【黒瀬直宏が迫る 戦後中小企業史】第9回 減速経済期(1974~90年)の中小企業経営(1) NPO法人アジア中小企業協力機構 理事長 黒瀬 直宏

 「戦後中小企業史」をテーマにした黒瀬直宏氏(嘉悦大学元教授)の連載。第9回は、減速経済期(1974~90年)の中小企業経営(1)です。

 減速経済期には中小企業問題が悪化し始めましたが(前回参照)、中小企業の新たな革新も起きました。既存の国内耐久消費財市場は飽和化し、貿易摩擦も激しくなったので、産業は高加工度分野への移行を図り、製品の高付加価値化・多品種少量化が進みました。高付加価値化には中小企業の持つ各種専門情報が必要であり、多品種少量化は小回りの利く中小企業の得意とするところなので、中小企業の企業家活動の舞台が広がりました。また、中小企業は人材不足に悩まされてきたために、従業員の能力を開花させ、情報発見活動を活発化させる経営理念や組織運営能力を磨いてきました。

 こうして企業家活動のための客体的、主体的条件が強化されたため、企業家活動が活発化し、次のような新たな「代表的発展中小企業」として「開発志向型中小企業」が出現しました。

「開発志向型中小企業」の特徴

 産業の高加工度化・製品の高付加価値化は、中小企業に製品の高機能化や多様化への貢献を要求します。それに応じて現れたのがこのタイプで、次の特徴があります。

 第1に、研究開発力を有し、差別化された製品や加工方法を生み出しています。中小企業の発展条件は高度成長期の量産性から研究開発による差別性へ移りました。

 第2に、研究開発に必要な情報的経営資源と効率的な多品種少量生産に必要なME(マイクロ・エレクトロニクス)機器が、主要な経営資源となっています。ME機器の代表が「メカトロ機」と呼ばれるNC工作機械で、プログラムを変えることにより種々の作業を熟練労働者並みに行えます。

 第3に、情報的経営資源の元になる「場面情報」発見のため、企業内および企業外(顧客や他企業)との情報共有に力を入れています(情報共有的組織運営)。

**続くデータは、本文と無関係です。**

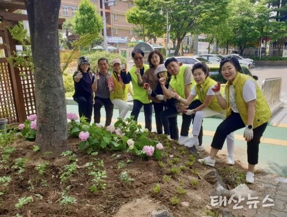 이번 사업은 교문2동주민자치위원 26명이 직접 참여해 행정복지센터 내 유휴 공간 2개소와 아치 주변에 ▲작약 60본 ▲꽃잔디 405본 ▲수국 5본 ▲등나무 2주를 식재하는 방식으로 진행됐으며, 특히 청사 내 주민 휴식 공간인 파고라를 중심으로 아름다운 녹지공간을 조성해 주민들에게 쾌적하고 자연 친화적인 휴게 환경을 제공한다는 계획이다.
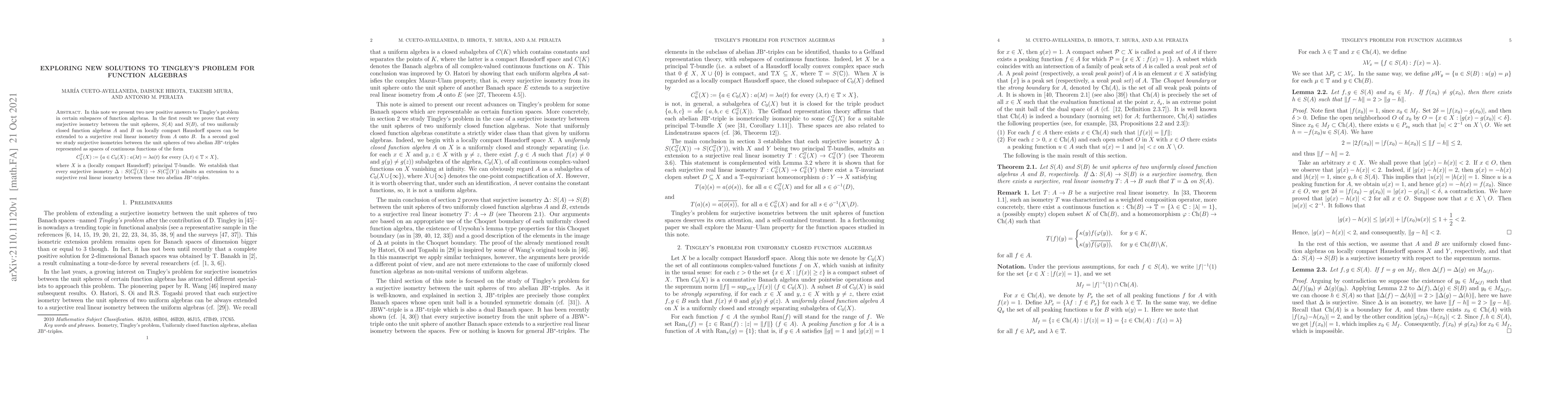 This paper provides new positive solutions to Tingley's problem in function algebras, proving that surjective isometries between unit spheres of certain uniformly closed function algebras can be extended to surjective real linear isometries between the algebras. Additionally, it shows that surjective isometries between unit spheres of abelian JB$^*$-triples represented as spaces of continuous functions can also be extended to surjective real linear isometries between these triples.

 筆者などが行った機械工業に関する調査によると、1989年時点で製品開発を継続的に行っている中小企業が全体で3分の1、小零細規模層(従業員1~19人)でも4分の1近くに達していました。また、下請企業の26.4%が「研究開発部門」を持っているという調査もあり(『中小企業白書1990年版』)、規模、業態を問わず、中小企業が開発志向化していることが分かります。

いくつかのタイプ

 「開発志向型中小企業」には次のようなタイプがあります。

 第1は「開発補完型」で、従来の下請企業が与えられた図面に基づいて生産するだけだったのに対し、親企業が提示した仕様を基に設計図を提案します。場合によっては仕様から提案します。一刻も早く新製品を市場に出したい大企業の製品開発を効率化する役割を果たしています。「開発志向型中小企業」のなかで最も多いタイプです。

 第2は「専門加工業型」です。唯一性の強い独創的な加工方法を開発する企業で、その開発力をいわば自社製品にしており、下請け企業の域を脱しています。

 第3は「製品開発型」で、市場規模の小さい産業用機械や日用消費財の開発を行う企業です。ただし、受託開発にとどまり、自社ブランド品開発に至らない企業もよく見かけます。

 第4は、「ベンチャー・ビジネス」で、「開発志向型中小企業」の中でも開発活動への特化度が高く(例えば、従業員の多くが研究開発要員であるというように)、情報集約度の極めて高い創造的な製品を生み出している企業です。なお、「ベンチャー・ビジネス」を、経営者が研究者などの専門職出身で、大企業をスピンアウトしたものが多いという点で、専門技能に依拠する伝統的中小企業とは断絶的ともいうべき相違があるとする見方もありました。しかし、その後、経営者が大企業出身者でない既存中小企業からも創造的な製品を生み出す中小企業が現れており、筆者は「ベンチャー・ビジネス」を伝統的中小企業と連続する「開発志向型中小企業」の1種として位置づけています。